Come se tutto ciò non bastasse, l’abbattimento del reddito pro capite dai 16.000 dollari del 1981 (altri
fonti parlano di 28.000) ai 7.500 attuali degli abitanti della regione che nel seicento diede i natali a
Maometto, rischiano, se accese al momento giusto, di essere una miscela esplosiva. I continui quanto
cospicui finanziamenti voluti dal clero islamico in moschee (25 miliardi di dollari), ricostruzione di
Beirut, aiuti ai palestinesi e università islamiche hanno eroso le finanze pubbliche in un paese in cui il
40% del pil proviene ancora dagli altalenanti introiti del petrolio mentre gli incontrollabili tassi
demografici in aumento (dovuti anche all’immigrazioni) impongono costi enormi. Da qui l’esigenza di
finanziatori privati per investimenti in infrastrutture e produzione cui si oppongono gli integralisti,
mentre tra quelli esistenti il più importante si chiama Saudi Bin Laden Group con un fatturato di 5
miliardi di dollari, già in affari con la famiglia Bush negli anni ottanta (il maggiore dei 54 fratelli Bin
Laden, Salem, muore in uno strano incidente aereo nell’88 in Texas dove stava trattando affari con
Bush, che quell’anno diverrà presidente).

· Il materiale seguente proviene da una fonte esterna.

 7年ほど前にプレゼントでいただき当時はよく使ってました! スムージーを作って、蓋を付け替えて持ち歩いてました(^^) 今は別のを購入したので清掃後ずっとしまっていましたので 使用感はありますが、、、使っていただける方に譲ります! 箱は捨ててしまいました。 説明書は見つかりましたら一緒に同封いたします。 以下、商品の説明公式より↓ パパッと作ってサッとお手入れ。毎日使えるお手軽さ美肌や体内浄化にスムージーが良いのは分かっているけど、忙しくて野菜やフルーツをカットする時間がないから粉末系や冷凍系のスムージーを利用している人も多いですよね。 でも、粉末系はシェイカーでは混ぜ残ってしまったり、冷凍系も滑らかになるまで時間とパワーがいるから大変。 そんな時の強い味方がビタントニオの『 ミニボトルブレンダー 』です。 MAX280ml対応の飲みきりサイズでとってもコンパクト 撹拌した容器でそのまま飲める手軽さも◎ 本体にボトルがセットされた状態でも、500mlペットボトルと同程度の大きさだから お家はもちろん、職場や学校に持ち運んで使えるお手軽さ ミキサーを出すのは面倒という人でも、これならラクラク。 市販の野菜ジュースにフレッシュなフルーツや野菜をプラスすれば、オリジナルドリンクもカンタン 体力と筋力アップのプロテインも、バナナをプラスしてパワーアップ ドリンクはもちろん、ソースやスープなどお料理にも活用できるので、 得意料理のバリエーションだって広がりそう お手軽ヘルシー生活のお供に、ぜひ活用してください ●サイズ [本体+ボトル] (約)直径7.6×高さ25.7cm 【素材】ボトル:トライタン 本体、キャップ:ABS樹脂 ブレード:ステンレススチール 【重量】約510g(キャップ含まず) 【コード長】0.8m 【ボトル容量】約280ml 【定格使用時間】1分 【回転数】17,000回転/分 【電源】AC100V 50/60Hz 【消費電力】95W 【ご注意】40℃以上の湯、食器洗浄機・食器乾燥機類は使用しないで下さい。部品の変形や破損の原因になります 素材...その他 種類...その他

Diventa quasi scontato quindi che, nel tentativo di smantellare le centrali del terrorismo internazionale, i
vertici americani decidano di mettere le mani su personaggi come Yasin Al Qadi, importante finanziere
saudita e principale dirigente della fondazione Mawafaq, anche accusata di finanziamenti ai palestinesi
di Hammas e che ciò incocci con interessi economici estremamente rilevanti vista la vicinanza tra costui
e la casa reale. Ma nella stessa fondazione Mawafaq contano molto anche altri personaggi importanti e
sempre vicini alla casa reale come la famiglia Bin Mahfouz, che controlla la Bank of Saudi Arabia.

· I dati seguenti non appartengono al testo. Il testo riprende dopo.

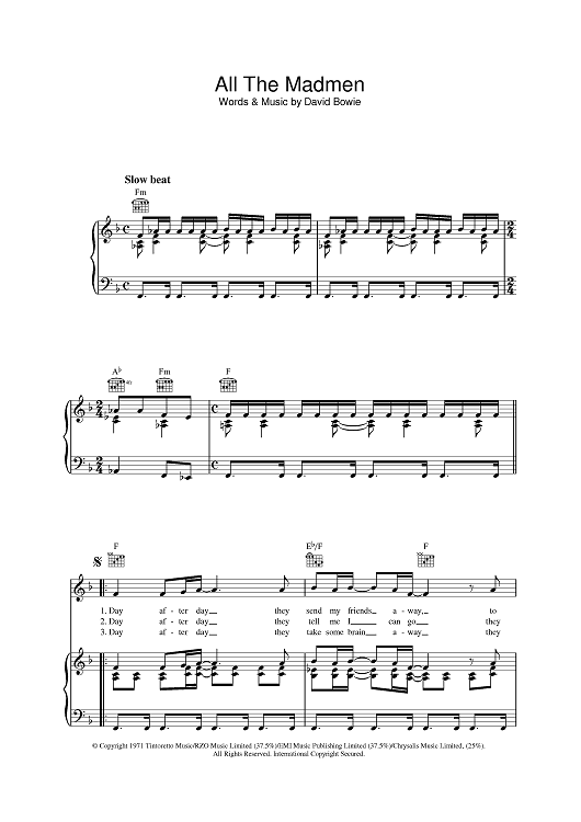 Digital Sheet Music for All The Madmen by David Bowie scored for Piano/Vocal/Chords; id:401264
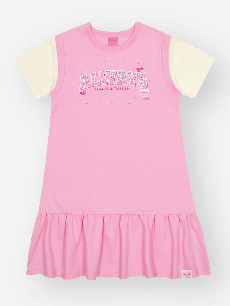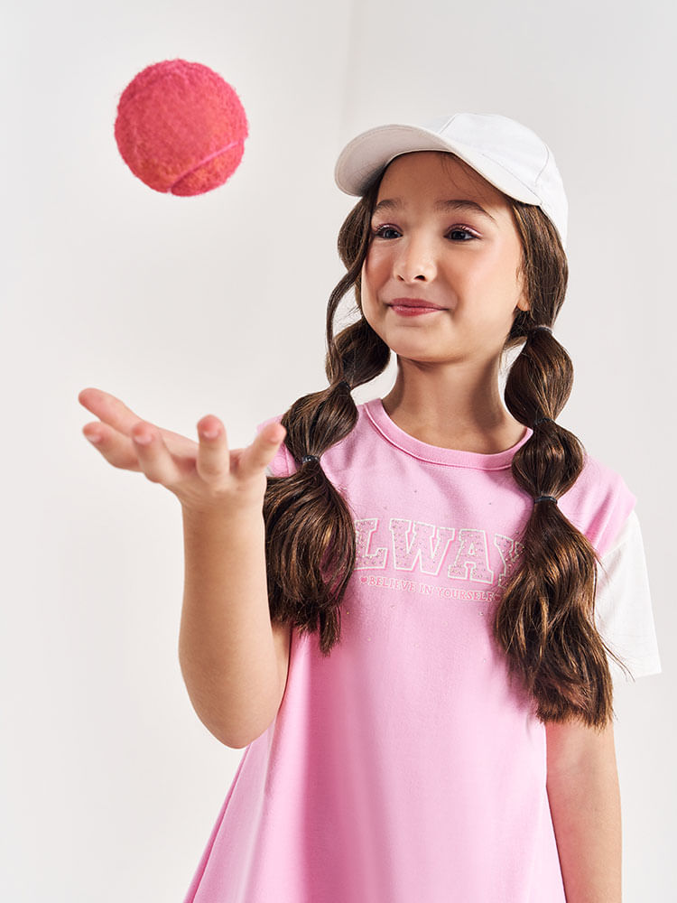 Com mangas em tom natural contrastante, o modelo traz um visual moderno e delicado. A estampa frontal com a frase “Always Believe in Yourself” (Acredite em você mesma), acompanhada de detalhes em strass, adiciona brilho e inspiração ao look. O recorte com franzido na barra completa o design, criando um efeito rodado super fofo.

Dunque, in una situazione socio-economica così delicata, l’eventualità di una successione palesemente
vicina agli USA, metterebbe il nuovo monarca nella condizione di essere tacciato di miscredenza perché
ha rinnegato il caposaldo della fede wahhbita che condanna chi tradisce i fratelli musulmani per aiutare
gli infedeli. L’eventualità invece di una successione al trono a favore di chi sogna un nuovo governo
islamico, rimette la palla al centro e Bin Laden giocherà sicuramente questa partita fino in fondo . Da
una parte facendosi forte di una popolarità in crescita, dall’altra facendo perno su taluni membri della
casa reale, su ricchi imprenditori, sull’esercito, la Guardia Nazionale e i Servizi di Sicurezza. L’opzione
di eliminare, magari fisicamente, dagli scenari un fattore di instabilità come il nuovo leader
dell’integralismo islamico produrrebbe la sublimazione totale della sua figura: un martire, quanto di più
grande possa esserci per i fanatici dell’integralismo sparsi in tutto il mondo. In questo caso la guerra
diventerebbe veramente imprevedibile e molto lunga.